• Sun
  • Dec 21, 2014
  • Updated: 6:39pm

Monitor

PUBLISHED : Friday, 09 November, 2001, 12:00am
UPDATED : Friday, 09 November, 2001, 12:00am
 

THE BOOK IS OUT at last - Doctor! Doctor! An Investment Analyst on the Couch (AVB Publications, HK$149), at your local bookshop now.


Why Doctor? The reason is that I expected I would need one after I had booked a meeting several years ago with a fund manager whom I had been telling for more than a year to buy South Korean stocks, during all of which time the Korean market had gone straight down. I was expecting a mauling.


Instead, this client looked me in the face and said: 'You know, I think that what this Korean market needs is not an investment analyst. What it needs is a psychoanalyst.'


Ask any number of investors in Korea how true that can be. Work out your Korean price-earnings ratios or cash flow numbers if you will but, before you do anything else, give yourself a grounding in the Korean mind-set.

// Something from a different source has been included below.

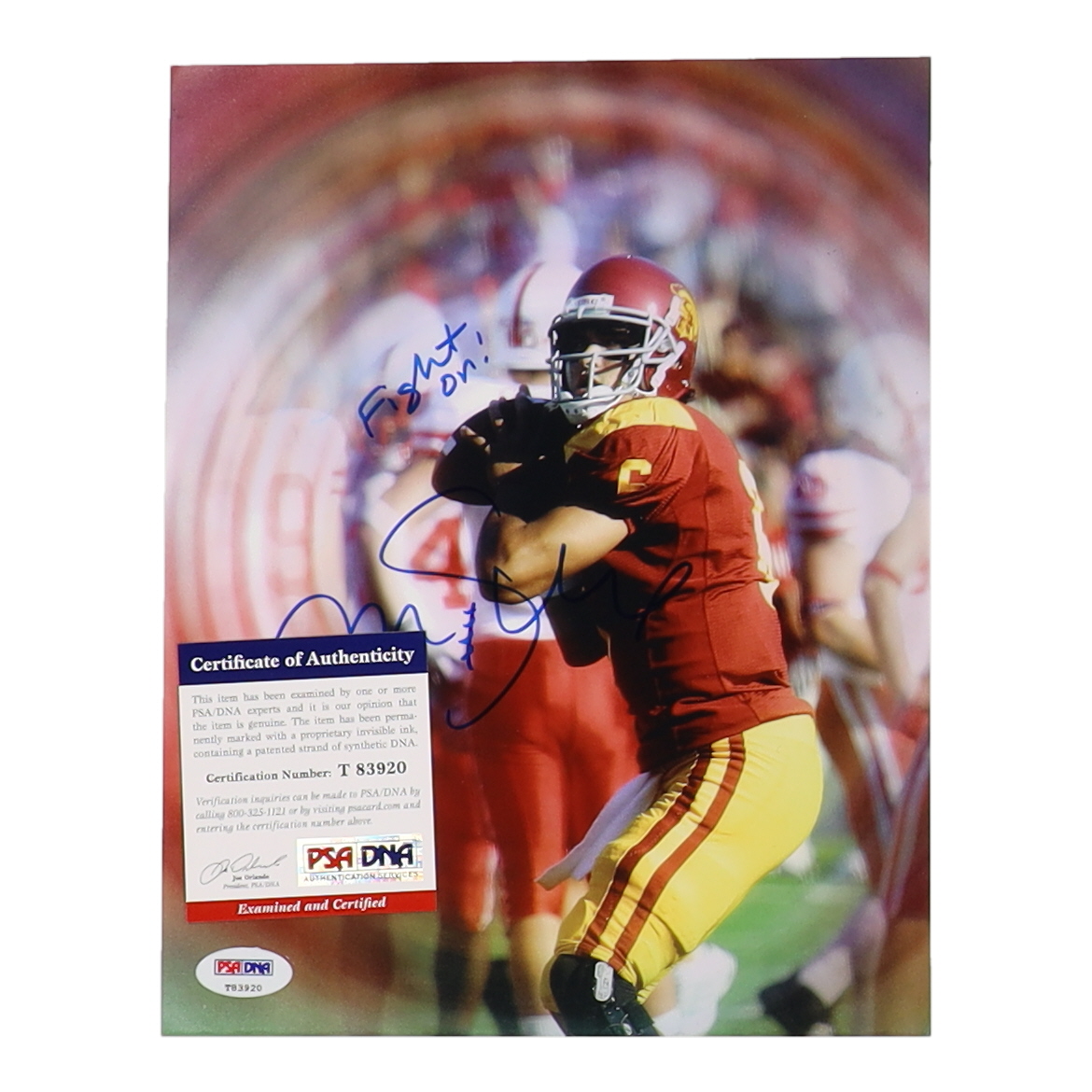 Photo measures 8" x 10" in size and has been hand-signed and inscribed by Mark Sanchez (USC Trojans).

You may not require a psychoanalyst but you may occasionally want to think as one does.


It is true of more than Korea alone obviously and sometimes a few of those searching questions that go a little deeper than the financial ratios need to be pointed the other way too.


You need to point them at yourself.


Here is one, for instance, that too few people ask and would do themselves a lot of good if they asked more often: if this investment adviser who says he can get me a 20 per cent annual return on my money is really so clever, why isn't he rich?

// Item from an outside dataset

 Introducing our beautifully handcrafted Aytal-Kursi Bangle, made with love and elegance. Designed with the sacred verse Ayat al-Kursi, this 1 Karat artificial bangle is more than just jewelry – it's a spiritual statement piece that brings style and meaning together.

He may say he is rich, of course, and he probably will be but then why is he sitting with you at 5:30 pm on a Friday to offer investment advice when he also says he likes sailing?


If he is really that clever then why hasn't he made his fortune with his own money and long been gone on a sailboat somewhere off Tahiti?


It is entirely an appropriate question and the reason so many investment advisers do not like to be asked it is that they have no real answer other than the obvious embarrassing one.


This should tell you enough.


Look at it another way. Take a hypothetical teacher who has the investment adviser's children in his class. He obviously treats this as an entirely natural arrangement.


The investment adviser is not a professional in the teaching business and therefore he sends his children to school with someone who is.


Likewise, says the teacher to himself, if I have some money to invest I do not invest it myself. I am not a professional in the investment business and therefore will put my money with someone who is one and can give me a higher return than I can get myself.


It seems like a fair trade but it has one serious flaw.


The teacher may know all about the curriculum and the best techniques for getting children to learn and remember their lessons but the one thing about which he can make only a hazy guess is what those children will do with their lives when they leave his school.


Likewise, the investment adviser knows all he needs to know about buying stocks, bonds or commodities with your money, finding you the best price he can get, ensuring that you have good title and selling these investments for you again quickly at a good price when you choose to do so.


But the one thing he cannot do is to tell you whether you will turn a profit on these investments. He is as blind to the future as you are.


His is essentially a technical skill, a worthwhile one, but not really deserving of a greater income than the teacher's.


Remember this when you sit across from him.


It is up to you decide where you want to put your money. His role is to tell you how to do it.


There you have the theme of Doctor! Doctor! Money does not grow on trees.